1. The problem statement, all variables and given/known data

I want to plot a Regular Polygon of many sides on a X-Y graph where I know the number of sides and the radius.

I would like a method to calculate the position of the corners of this shape without using compass/ruler.

If there was an algorithm that goes all the way around the shape then that'd be better.

2. Relevant equations

x^2 + y^2 = r^2

http://en.wikipedia.org/wiki/Polygon" [Broken]

3. The attempt at a solution

Im afraid Im completely stuck on this. I keep going from calculating all the angles and length of sides of each triangle segment of the polygon to a x-y graph where I am trying to calculate the x-y coordinates of the corners.

Last edited by a moderator: May 4, 2017
2. May 31, 2009

3. Jun 1, 2009

### quddusaliquddus

Hi. At the link I provided there is a formula:

(x,y) = 2R(cos(t), sin(t) )*sin ( t + arcsin ( a / 2R ) )

I just wanted to get ot confrmed that it is correct. It doesnt look it.

4. Jun 1, 2009

### HallsofIvy

Staff Emeritus
That formula will give a "smooth" curve, not a "broken line" as you need for a polygon.

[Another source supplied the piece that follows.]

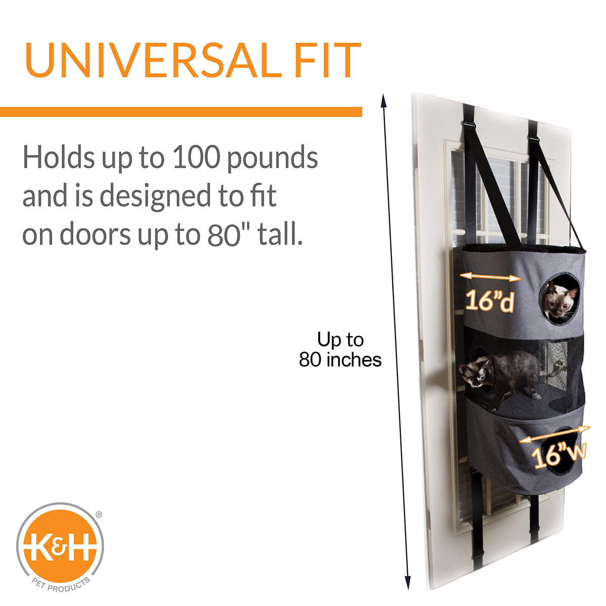 The K&H Pet Products Hangin Cat Condo Gray is available in two sizes, the modest 3-story Cat Condo and the 5-story High Rise Cat Condo. The High Rise is the ultimate for fun and relaxation. Designed with mesh windows on two levels of the five levels allows cats to look out. The incredible space-saving design simply attaches to any door. No more valuable floor space is taken up by bulky cat trees and cat furniture. The 3-story Condo is not only beautiful but is also functional. With top and bottom straps to securely lock the condo in place, it provides rigid security for your cats most ambitious playtime. A mesh window on the middle level allows cats to look out. This 3 story Hangin Cat Condo also was designed with a comfortable lounging or sleeping surface on the top. Designed by K&H with OVER 20 years of experience in creating safe, innovative, quality products for pets. One-year limited warranty.

If you want to construct a regular polygon with n sides, radius r, center at $(x_0,y_0)$, the line from the center to one vertex making angle $\theta$ with the x-axis, the coordinates of the vertices are given by

$$x= x_0+ r cos(\left(\frac{2\pi}{n}\right)i+ \theta)$$

$$y= y_0+ r sin(\left(\frac{2\pi}{n}\right)i+ \theta)$$

Where i runs from 0 to n-1.

5. Jun 4, 2009

### quddusaliquddus

Thanks. Thats exactly what I needed.